Once the criterion is calculated, we need a decision threshold (denoted T) to right-censor or not the ER_{50}. If the ratio is greater than T, we keep an interval-censored ER_{50} corresponding to the whole CI95; otherwise, we consider a right-censored ER_{50} with a lower bound being the minimum between LCI95 and *max_rate* (Eq (8)):

#### SSD analyses

Our final objective is to explore the influence of considering the uncertainty on ER_{50} in SSD analyses and specifically its impact on HR_{5} estimates. Given the way we have taken the uncertainy on ER_{50} into account (see above), this means studying how interval- and/or right-censored ER_{50} input values impact the SSD analysis and the HR_{5} estimation. Thus SSD analyses were carried out based on ER_{50} values coming from the seven studied firstly analysed with a dose-response model as previously described.

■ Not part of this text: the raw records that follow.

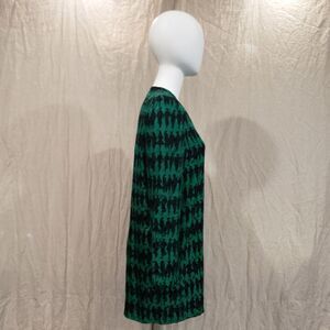 Vintage Dennis Goldsmith Oversized Green Silk Button Down Blouse W/ Women Silhouette Print
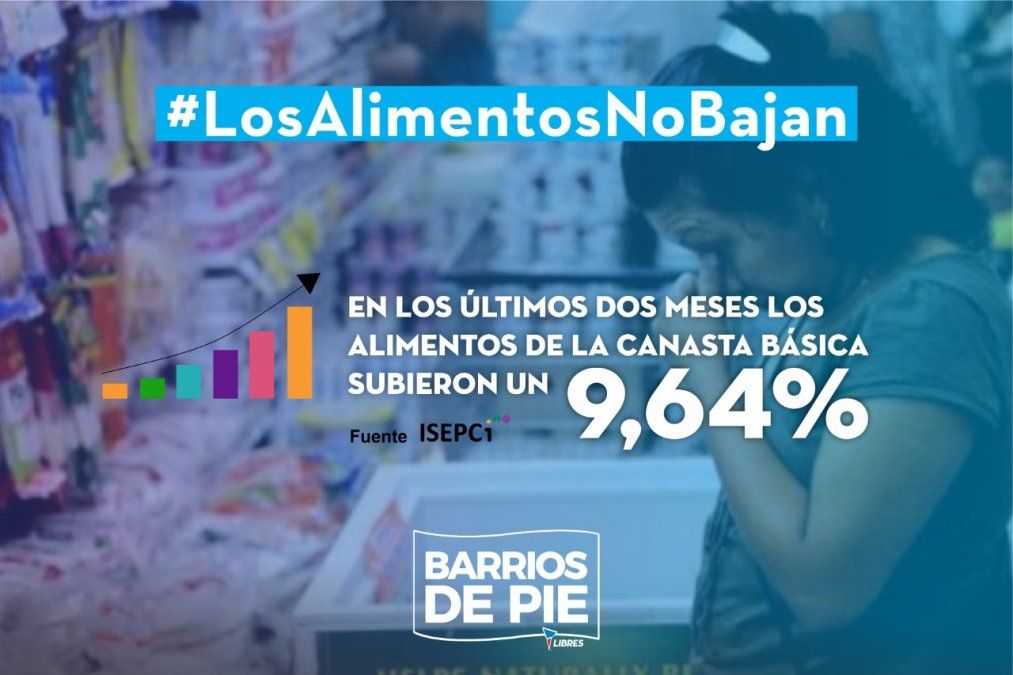 Según un relevamiento realizado por la propia organización a través del Instituto de Investigación Social, Económica y Ciudadana (ISEPCi), en los últimos dos meses el costo de la canasta básica aumentó un 9,49%.
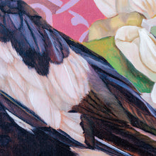 No collection ever feels complete without an appearance from one of Fiona Smith's friendly magpies. This one has landed on some French guipure lace. The wallpaper is based on a Henri II design by Lewis Foreman Day (1887).
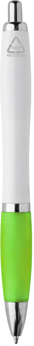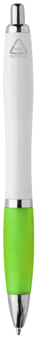 Kuličkové pero z recyklovaného ABS plastu s bílým tělem, barevným úchopem a chromovanými částmi. S modrou náplní.

For each experimental study and each endpoint, based on dose-response fitting results, we considered input ER_{50} values for an SSD analysis in the different following ways:

only point estimates (chosen as the medians of probability distributions of the ER

_{50}estimates).interval-censored ER

_{50}based on their CI95, and use of these intervals as such in a mathematically sound way;censored ER

_{50}according to criterion 1 with a decision threshold T = 0.5 (denoted C1T0.5), and use of these censored ER_{50}as such in a mathematically sound way.

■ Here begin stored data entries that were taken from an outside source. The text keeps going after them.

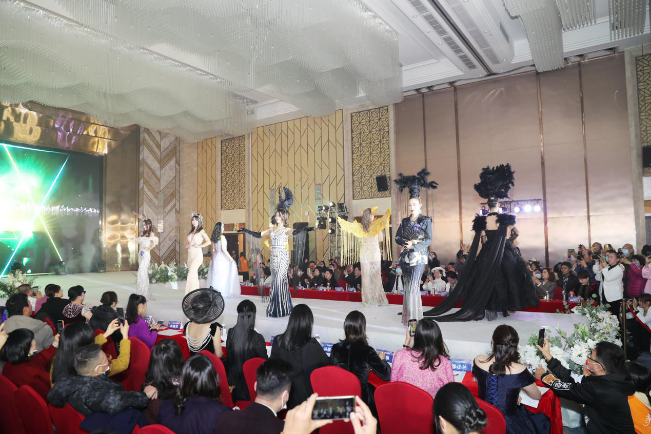 时尚晚礼服展示环节,选手们身穿晚礼服、缓步而来,在灯光的映衬下,更显得高贵美丽、摇曳生姿。
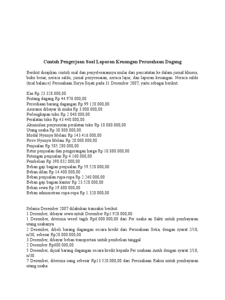 Contoh Soal Dan Jawaban Laporan Keuangan Perusahaan Dagang Pdf …
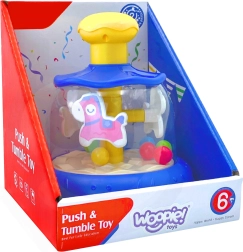 Atklājiet pasauli rotaļās ar inovatīvo rotaļlietu "Izklaidējošais karuselis"! Tā ir veidota pašiem mazākajiem pētniekiem un palīdz attīstīt viņu motorās, sensorās un kognitīvās spējas. Bērnam tikai jānospiež dzeltenā karuseļa augšējā daļa, un zirgs ar bumbiņām sāk kustēties.

SSD analyses were run by fitting a log-normal probability distribution to ER_{50} input values under a frequentist framework based on the R-package ‘fitdistrplus’ [10]. This R-package allows the user to deal with censored data in a mathematically sound way. An alternative way is to use the web platform MOSAIC and its SSD module https://mosaic.univ-lyon1.fr/ssd [11].

## Results

### Dose-response analyses

All results on dose-response analyses are displayed in files “report_xxx.pdf” in S1 Archive for each case study, each species and each endpoint (five files per case study). Under a Bayesian framework, whatever the data set, the species and the endpoint, we always succeeded in fitting a dose-response curve and getting a posterior probability distribution on the ER_{50}. For certain endpoints in certain studies, we got a well-shaped sigmoidal dose-response curve with a median estimate of the ER_{50} within the range of tested rates. Nevertheless, in cases where the herbicides did not elicit a strong effect on the studied species, we got a flat dose-reponse curve with a high median estimate of the ER_{50}, in particular for the survival endpoint of VV tests.

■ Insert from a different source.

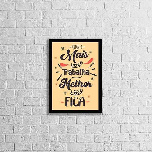Quadro quanto mais você trabalha, melhor você fica 45x34cm - com vidro Moldura: madeira preta Informações do produto tire todas as suas dúvidas no descritivo abaixo: decoração para quarto, sala, cozinha, escritório, área gourmet e muito mais. Chega de paredes vazias medidas - cada peça tem 45x34cm a3 . Material do papel - papel fotográfico brilhante de altíssima resolução acabamento - todos os quadros são acompanhados de vidro para proteção da imagem. - moldura em madeira maciça na cor preta e pendurador . - os quadros são embalados de forma segura com plástico bolha com camada dupla de acordo com o tamanho dos quadros. - de 3 meses. Meu quadro chegou. Como posso fixá-lo Você precisa apenas de um martelo e um prego, pois os quadros já vão acompanhados de penduradores. Esta é a forma mais indicada. Como posso limpar meu quadro A limpeza é feita como um móvel comum da sua casa. Apenas um pano seco ou espanador são suficientes para tal Marca: Não Informado

Fig 2 illustrates an example of a dose-response curve along with some goodness-of-fit criteria. The data we used for this example is the shoot dry weight of the VV test of study 1 for species BEAVA. The median fitted dose-response curve in Fig 2A is represented by a solid orange line associated with its CI95 in grey band; it describes the shoot dry weight of the sugar beet as a function of the product tested rate. The goodness-of-fit for the fitted model can be checked using posterior predictive check (PPC) plot illustrated in Fig 2B. The PPC plot shows the observed shoot dry weight values against their corresponding shoot dry weight predictions (black dots), along with their CI95 (vertical segments, green if the CI95 contains the observed value and red otherwise). The model is considered to be well fitted if around 95% of black dots are within CI95. Please note that for the emergence and survival datasets, the previous statement is not necessarily expected because observations are pooled per tested rate. The precision of the model parameter estimation can be visualized in Fig 2C by comparing the posterior distribution (orange surface) to the prior one (grey surface) for each parameter and in Fig 2D, we can check for correlations between parameters. A narrower posterior distribution compared to the prior one for each parameter and low correlations between parameters are expected to ensure the goodness-of-fit of the model; that is the case in this example.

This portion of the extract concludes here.